● **Required work**: Write out the entire listing below exactly as it appears, minus any pictures.

● **Dataset excerpt**:
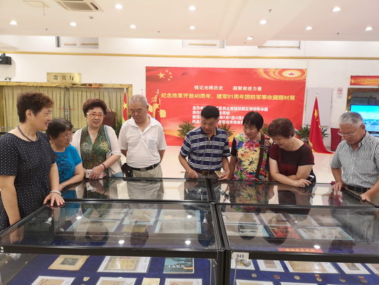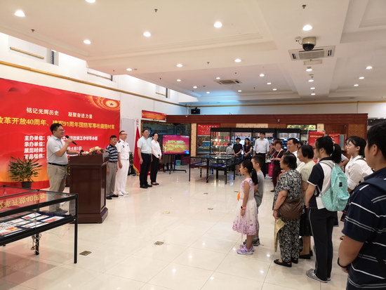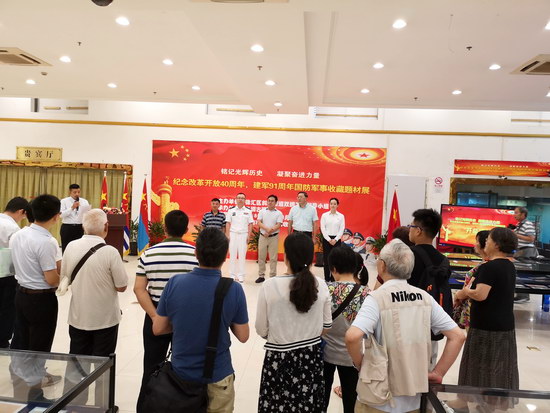 隨后,本次展覽展品提供者——上海市百名市民收藏家郭乃興發(fā)言。他介紹本次展覽圍繞建軍91周年和改革開(kāi)放40周年,分紅軍、土地改革、改革開(kāi)放等六大主題展示了中國(guó)軍隊(duì)和國(guó)家的輝煌歷史。并稱本次展覽雖是街道主辦,但展品卻是市級(jí)展覽的水平。
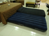ПРИМЕЧАНИЕ ПО НОМЕРУ: Все номера в этом отеле только стандарт!Нет номеров с дополнительными кроватями -вы их можете только забронировать сразу у туроператора или оплатить на месте.Стоимость раскладушки 15 долларов в сутки.Сами сотрудники считают что эти доп.места в плохом состоянии.Наша семья не бронировала раскладушку,а везла с собой надувные матрасы( они стояли всегда в надутом состоянии и не кто не запретил нам использовать их( см.фото).В номере стоит маленький диванчик но он не раскладывается-спальное место у него 120 см-я специально фотографировала дочь чтобы вам это продемонстрировать( см.фото).Имейте ввиду если у вас в ваучере даже и написано что размещение 2+1 или 2+2 то это не значит что вам дадут раскладушку-она только за дополнительную оплату.ВЕЗИТЕ МАТРАСЫ И НАСОС!
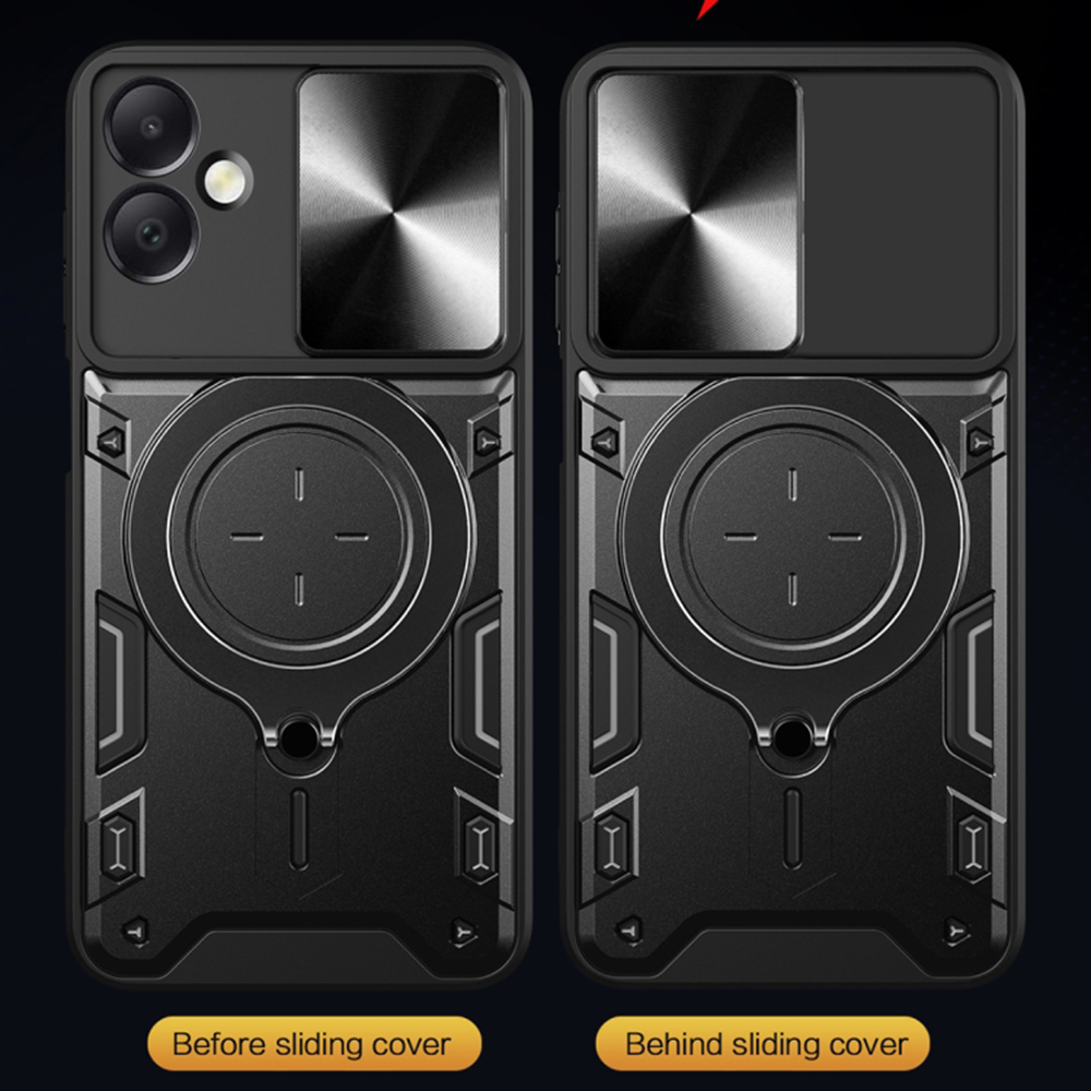 Kryt Techsuit CamGuard Pro se pyšní taktickým a odolným vzhledem, který okamžitě upoutá pozornost. Jeho zadní strana je opatřena výraznými texturami a zvýšenými okraji, které nejenže dodávají krytu dynamický charakter, ale také zlepšují úchop a minimalizují riziko vyklouznutí telefonu z ruky. Dominantním prvkem je integrovaný posuvný kryt fotoaparátu s elegantní texturou broušeného kovu, který spolehlivě chrání čočky před poškrábáním a nečistotami. Uprostřed zadní strany naleznete praktický otočný kroužek, který slouží jako stojánek pro pohodlné sledování obsahu nebo jako bezpečný úchyt pro prst. Tento kroužek je navíc kompatibilní s magnetickými držáky do auta, což zvyšuje jeho praktičnost. Zesílené rohy krytu poskytují extra ochranu proti pádům a nárazům, zatímco precizní výřezy zajišťují bezproblémový přístup ke všem portům a tlačítkům.
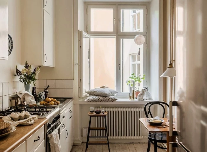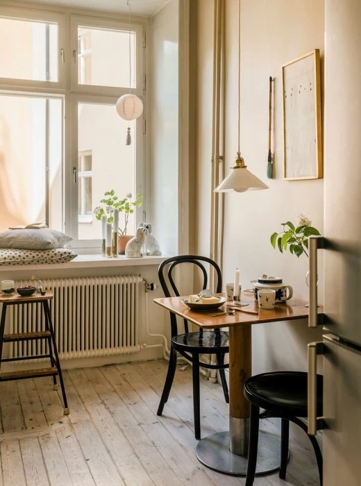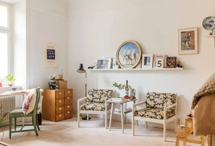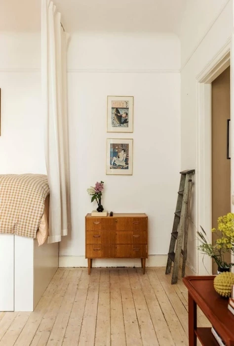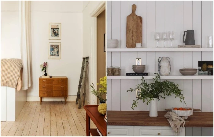 В случае же с владелицей небольшой квартиры, общая площадь которой едва дотягивает до 34 кв. метров, то ей в этом плане повезло, поскольку для сбора и приобретения ретро-мебели и других старинных вещей не нужно было тратить ни время, ни деньги. Да и обновление интерьера сильно дорого не обошлось поскольку, как и сотню лет назад стены просто побелили известью (если бы в старом оформлении присутствовали оранжевые тона, то их бы непременно обновили только суриком, но никак не современной краской). А полы очистили от старого налета, так и оставив неокрашенными. При этом их никто даже не помышлял менять, поскольку древесина, как и известь являются природными, экологически чистыми материалами, что играет важную роль в оформлении жилых и даже общественных пространств Швеции.

● **Response to the task**:
 隨后,本次展覽展品提供者——上海市百名市民收藏家郭乃興發(fā)言。他介紹本次展覽圍繞建軍91周年和改革開(kāi)放40周年,分紅軍、土地改革、改革開(kāi)放等六大主題展示了中國(guó)軍隊(duì)和國(guó)家的輝煌歷史。并稱本次展覽雖是街道主辦,但展品卻是市級(jí)展覽的水平。
ПРИМЕЧАНИЕ ПО НОМЕРУ: Все номера в этом отеле только стандарт!Нет номеров с дополнительными кроватями -вы их можете только забронировать сразу у туроператора или оплатить на месте.Стоимость раскладушки 15 долларов в сутки.Сами сотрудники считают что эти доп.места в плохом состоянии.Наша семья не бронировала раскладушку,а везла с собой надувные матрасы( они стояли всегда в надутом состоянии и не кто не запретил нам использовать их( см.фото).В номере стоит маленький диванчик но он не раскладывается-спальное место у него 120 см-я специально фотографировала дочь чтобы вам это продемонстрировать( см.фото).Имейте ввиду если у вас в ваучере даже и написано что размещение 2+1 или 2+2 то это не значит что вам дадут раскладушку-она только за дополнительную оплату.ВЕЗИТЕ МАТРАСЫ И НАСОС!
 Kryt Techsuit CamGuard Pro se pyšní taktickým a odolným vzhledem, který okamžitě upoutá pozornost. Jeho zadní strana je opatřena výraznými texturami a zvýšenými okraji, které nejenže dodávají krytu dynamický charakter, ale také zlepšují úchop a minimalizují riziko vyklouznutí telefonu z ruky. Dominantním prvkem je integrovaný posuvný kryt fotoaparátu s elegantní texturou broušeného kovu, který spolehlivě chrání čočky před poškrábáním a nečistotami. Uprostřed zadní strany naleznete praktický otočný kroužek, který slouží jako stojánek pro pohodlné sledování obsahu nebo jako bezpečný úchyt pro prst. Tento kroužek je navíc kompatibilní s magnetickými držáky do auta, což zvyšuje jeho praktičnost. Zesílené rohy krytu poskytují extra ochranu proti pádům a nárazům, zatímco precizní výřezy zajišťují bezproblémový přístup ke všem portům a tlačítkům.
 В случае же с владелицей небольшой квартиры, общая площадь которой едва дотягивает до 34 кв. метров, то ей в этом плане повезло, поскольку для сбора и приобретения ретро-мебели и других старинных вещей не нужно было тратить ни время, ни деньги. Да и обновление интерьера сильно дорого не обошлось поскольку, как и сотню лет назад стены просто побелили известью (если бы в старом оформлении присутствовали оранжевые тона, то их бы непременно обновили только суриком, но никак не современной краской). А полы очистили от старого налета, так и оставив неокрашенными. При этом их никто даже не помышлял менять, поскольку древесина, как и известь являются природными, экологически чистыми материалами, что играет важную роль в оформлении жилых и даже общественных пространств Швеции.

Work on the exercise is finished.